» Activity: Beginning with the line below that contains "So giá trong" and ending with the line that contains "鮑が非常に柔らかく、食感が楽", retype every line exactly. Pictures are not copied.

» Extracted data:

═══

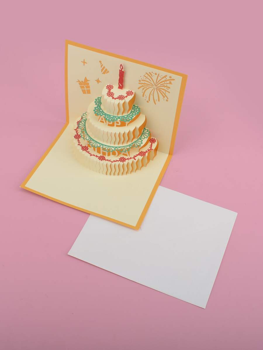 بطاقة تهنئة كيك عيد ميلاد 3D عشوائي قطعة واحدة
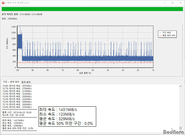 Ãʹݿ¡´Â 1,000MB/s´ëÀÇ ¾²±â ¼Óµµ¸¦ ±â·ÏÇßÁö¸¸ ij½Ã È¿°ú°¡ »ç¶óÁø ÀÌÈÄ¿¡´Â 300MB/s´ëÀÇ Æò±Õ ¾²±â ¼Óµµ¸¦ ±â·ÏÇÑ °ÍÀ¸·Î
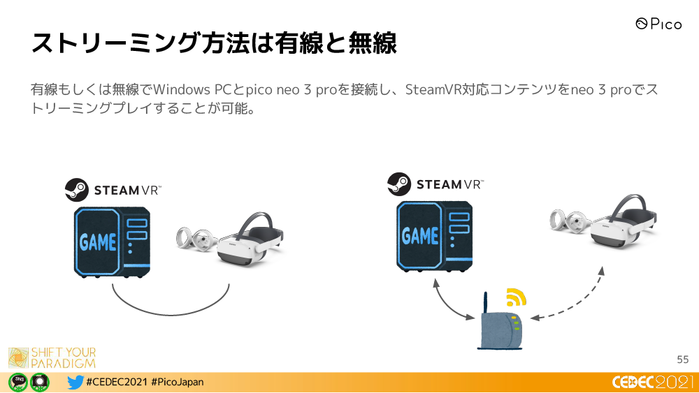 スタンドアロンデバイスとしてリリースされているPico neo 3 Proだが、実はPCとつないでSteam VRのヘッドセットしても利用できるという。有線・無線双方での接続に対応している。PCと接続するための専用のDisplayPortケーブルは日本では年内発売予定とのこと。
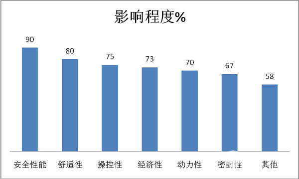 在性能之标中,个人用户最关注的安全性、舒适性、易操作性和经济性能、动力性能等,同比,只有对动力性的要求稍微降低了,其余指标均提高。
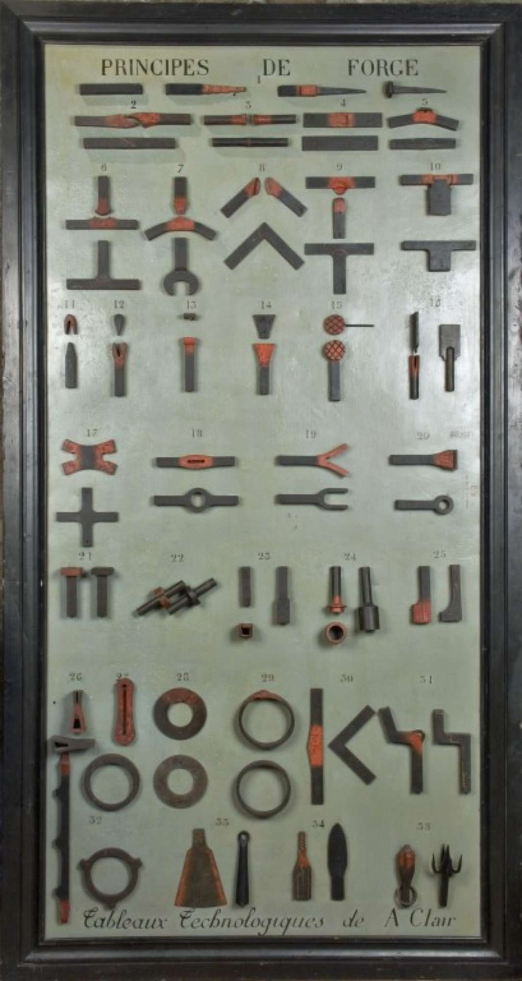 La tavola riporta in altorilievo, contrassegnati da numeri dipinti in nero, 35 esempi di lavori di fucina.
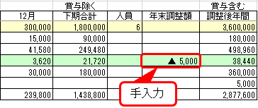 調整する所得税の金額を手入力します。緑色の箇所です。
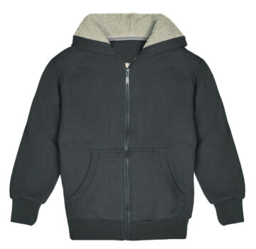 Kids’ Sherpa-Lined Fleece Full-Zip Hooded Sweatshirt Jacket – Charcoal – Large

═══

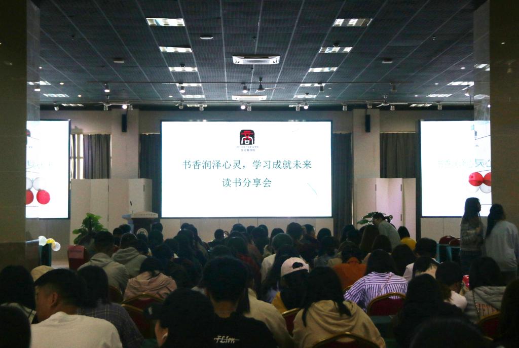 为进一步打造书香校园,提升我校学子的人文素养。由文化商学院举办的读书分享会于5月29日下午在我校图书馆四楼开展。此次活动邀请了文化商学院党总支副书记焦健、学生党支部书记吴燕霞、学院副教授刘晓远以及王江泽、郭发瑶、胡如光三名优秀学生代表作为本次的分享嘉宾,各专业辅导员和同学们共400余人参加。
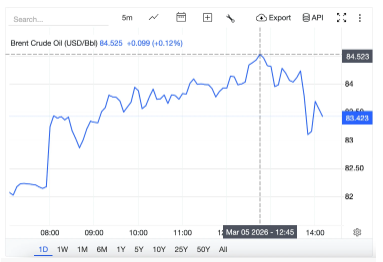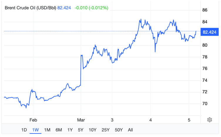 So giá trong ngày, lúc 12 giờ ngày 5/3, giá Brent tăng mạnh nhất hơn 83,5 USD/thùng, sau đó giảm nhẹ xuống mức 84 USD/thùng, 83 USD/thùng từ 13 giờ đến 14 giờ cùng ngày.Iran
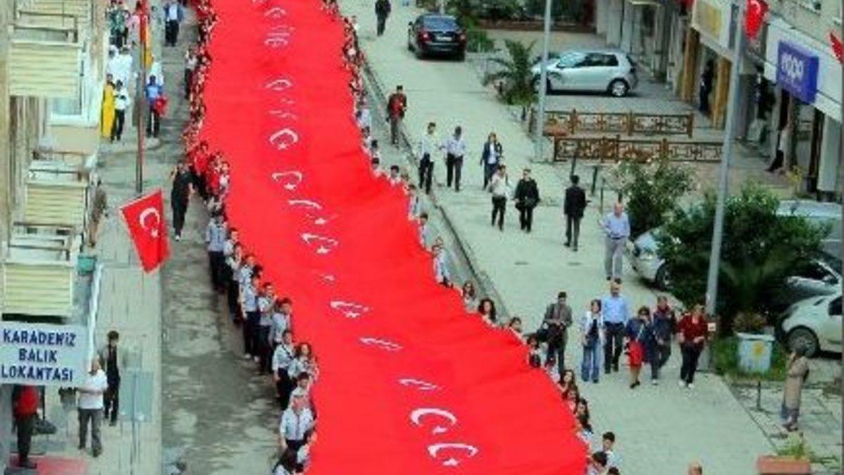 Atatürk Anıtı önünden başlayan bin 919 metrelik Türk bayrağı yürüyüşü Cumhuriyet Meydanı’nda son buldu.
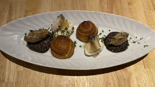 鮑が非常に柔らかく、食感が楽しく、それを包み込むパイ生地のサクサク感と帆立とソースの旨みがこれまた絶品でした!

═══

» Exercise answer:
 So giá trong ngày, lúc 12 giờ ngày 5/3, giá Brent tăng mạnh nhất hơn 83,5 USD/thùng, sau đó giảm nhẹ xuống mức 84 USD/thùng, 83 USD/thùng từ 13 giờ đến 14 giờ cùng ngày.Iran
 Atatürk Anıtı önünden başlayan bin 919 metrelik Türk bayrağı yürüyüşü Cumhuriyet Meydanı’nda son buldu.
 鮑が非常に柔らかく、食感が楽しく、それを包み込むパイ生地のサクサク感と帆立とソースの旨みがこれまた絶品でした!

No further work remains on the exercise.